● Work required:
Reproduce the listing below exactly, beginning with its first line and ending with the line that holds "Greenseed and Haribon"; pictures are not part of the copy.

● Provided material:
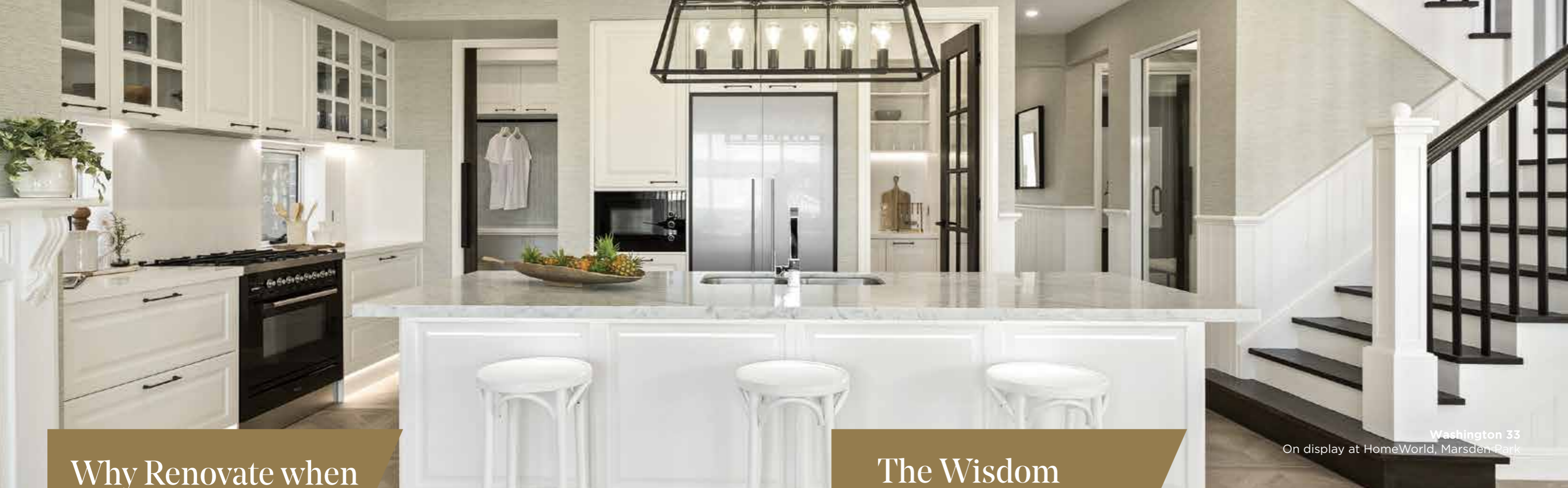
Washington 33 On display at HomeWorld, Marsden Park
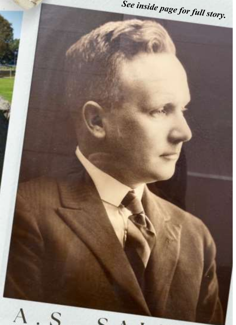
See inside page for full story.
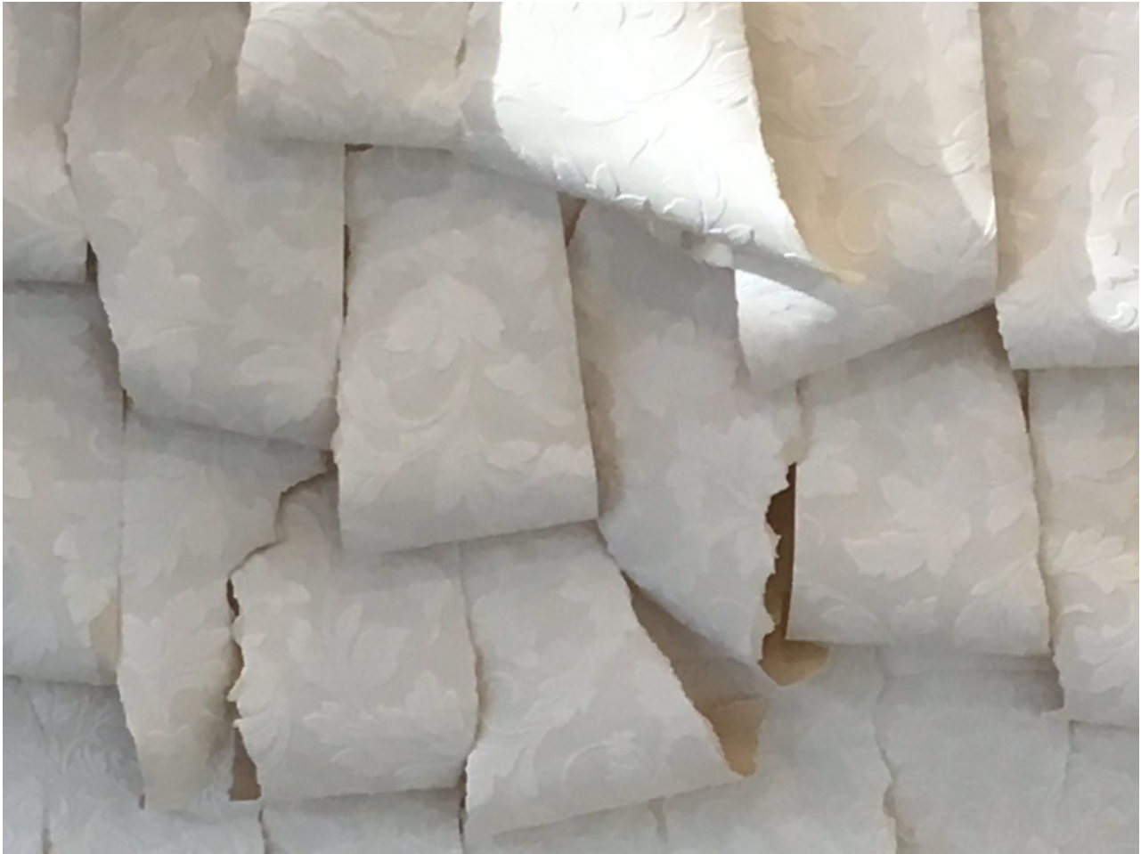
Figure 19: Paper mock-up of Flock, detail

In Flock , the third room in the triptych – a work begun in 2019 and still in production at the time of writing – porcelain wallpaper pieces entirely cover the walls of the exhibition space. The pieces lift away from the surface on which they are installed, as if about to take flight or on the verge of implosion, hovering between cohesion and eruption. There is a sense of building momentum, that this problematic wallpaper is no longer able to maintain its material and conceptual cover up. The viewer is invited into a claustrophobic disquieting-quieting white space, to enter the vortex of a frozen moment of fragmentation. Flock is also seductive and tactile, appealing to the senses rather than the conceptual – visitors want to touch the wallpaper and reach forward surreptitiously to do so – and this evokes the sensuality of Lilith, indicated in the blowsy overblown roses of the Aphrodite wallpaper design. The rose whispers quietly at the core of both Sub Rosa and Lilith by the Red Sea Carpet , but in Flock it looms large.
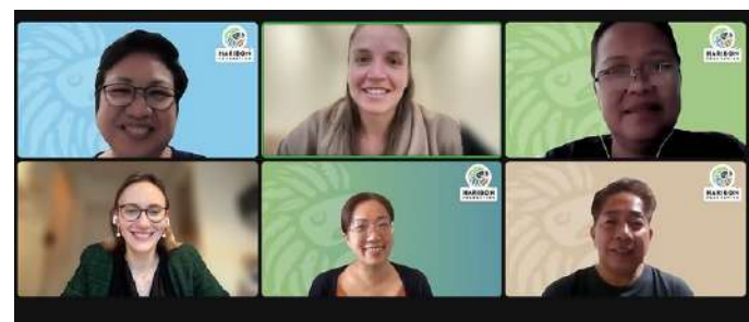
Greenseed and Haribon Foundation collaborating

A significant milestone in 2023 was the establishment of the WePhili Programme, a testament to our dedication to empowering women in the Philippines for the conservation of endemic species. Numerous meetings with our local partner, Haribon Foundation, paved the way for the programme's development. Collaboratively, we laid the groundwork, and with intentions set high, we anticipate the programme's launch in 2024.
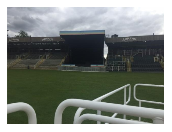
View of stage from platform C
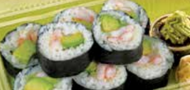
Double Avocado Prawn
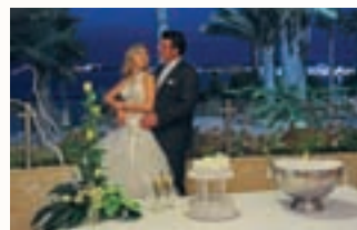
ALEXANDER THE GREAT

At Kanika Hotels, we thoroughly enjoy hosting this special day in your life, and express our best wishes with our own Kanika gifts. These include complimentary room upgrades wherever possible, local champagne, flowers, balloons, luxurious toiletries and various little gifts in the room, as well as the complimentary service of our wedding coordinator. For full details, please check our website at: www.kanikahotels.com
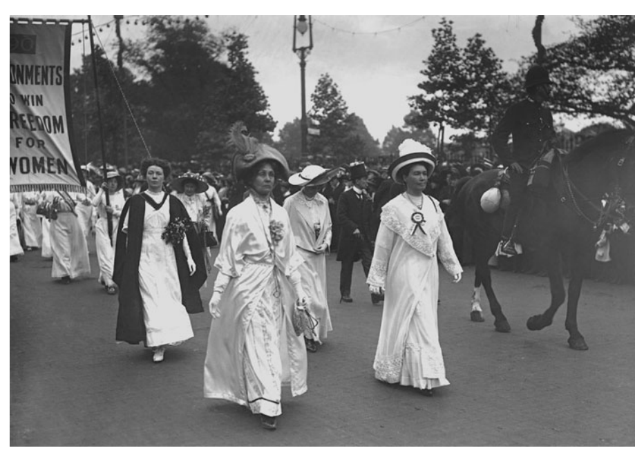
6. Suffragette demonstration, led by the Pankhursts, 1911.
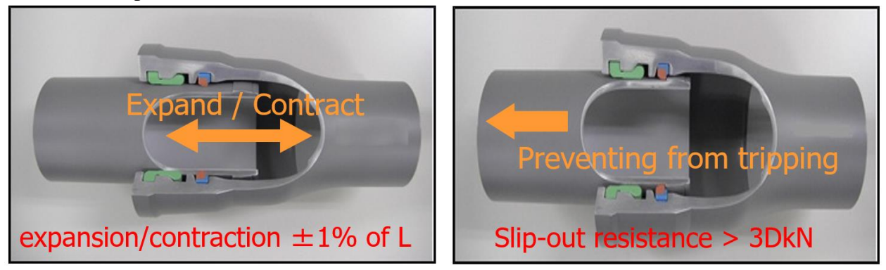
Figure 2 NS trip-proof and retraction

With the above reasons combined, nearly two years after the great Mei-Nong Earthquake, the TWD introduced the NS-type DIP, validated during the great earthquake, to strengthen the pipeline network of Taipei.
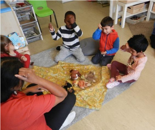
Singing with props GH

The children in Stingrays room South Woodford have been creating a post box for them to post their letters to Santa! They used paint and other resources to collectively create the post box. This type of activity helps the children to negotiate turn taking and understanding of others joining in. The children all thoroughly enjoyed getting the box ready for their very own letters, with Wren saying "Wow" when it was complete.
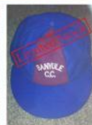
Baggy Hats $75

● Task output:
Washington 33 On display at HomeWorld, Marsden Park
See inside page for full story.
Figure 19: Paper mock-up of Flock, detail

In Flock , the third room in the triptych – a work begun in 2019 and still in production at the time of writing – porcelain wallpaper pieces entirely cover the walls of the exhibition space. The pieces lift away from the surface on which they are installed, as if about to take flight or on the verge of implosion, hovering between cohesion and eruption. There is a sense of building momentum, that this problematic wallpaper is no longer able to maintain its material and conceptual cover up. The viewer is invited into a claustrophobic disquieting-quieting white space, to enter the vortex of a frozen moment of fragmentation. Flock is also seductive and tactile, appealing to the senses rather than the conceptual – visitors want to touch the wallpaper and reach forward surreptitiously to do so – and this evokes the sensuality of Lilith, indicated in the blowsy overblown roses of the Aphrodite wallpaper design. The rose whispers quietly at the core of both Sub Rosa and Lilith by the Red Sea Carpet , but in Flock it looms large.
Greenseed and Haribon Foundation collaborating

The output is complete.